This work improves upon the so called "min hash" technique (a "probabilistic data analysis" method) to develop a very fast and efficient way to estimate the similarity of two sets of objects (in terms of how much they overlap). The approach we present is orders of magnitude faster (and uses orders of magnitude less space) when two data sets under consideration are of very different size. The kinds of sets we consider are sets of sub-strings (called k-mers) of DNA sequences from communities of microorganisms.

A gene regulatory network is basically a representation of how genes interact with each other. In this work, we develop the only (to date) method to assess the accuracy of so called "motif discovery algorithms" that seek to find important sub-networks of a given gene regulatory network. We develop a provably correct mathematical approach (based on a variety of metrics that say how close two matrices are to each other) and use this to assess the performance of a variety of motif discovery algorithms.
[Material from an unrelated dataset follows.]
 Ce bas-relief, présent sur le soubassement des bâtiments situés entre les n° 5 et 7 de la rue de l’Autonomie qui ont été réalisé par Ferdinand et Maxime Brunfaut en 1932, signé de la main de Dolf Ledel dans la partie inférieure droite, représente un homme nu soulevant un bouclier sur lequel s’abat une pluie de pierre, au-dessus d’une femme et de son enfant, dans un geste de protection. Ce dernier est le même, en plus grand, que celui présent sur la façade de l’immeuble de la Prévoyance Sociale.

This is my PhD thesis from Penn State (advised by Manfred Denker).

I define a new notion of "randomness" (called topological pressure) suitable for use on sequences of symbols (words) of finite length. I show that this can be used to distinguish between biologically interesting sequences in the human genome.

We introduce an extremely fast, light-weight, "big data" algorithm to quickly answer the question of "which bacteria are present?" in a given sample of DNA. The method is based on the theory of compressed sensing and aims to find the simplest explanation for the data in terms of known information.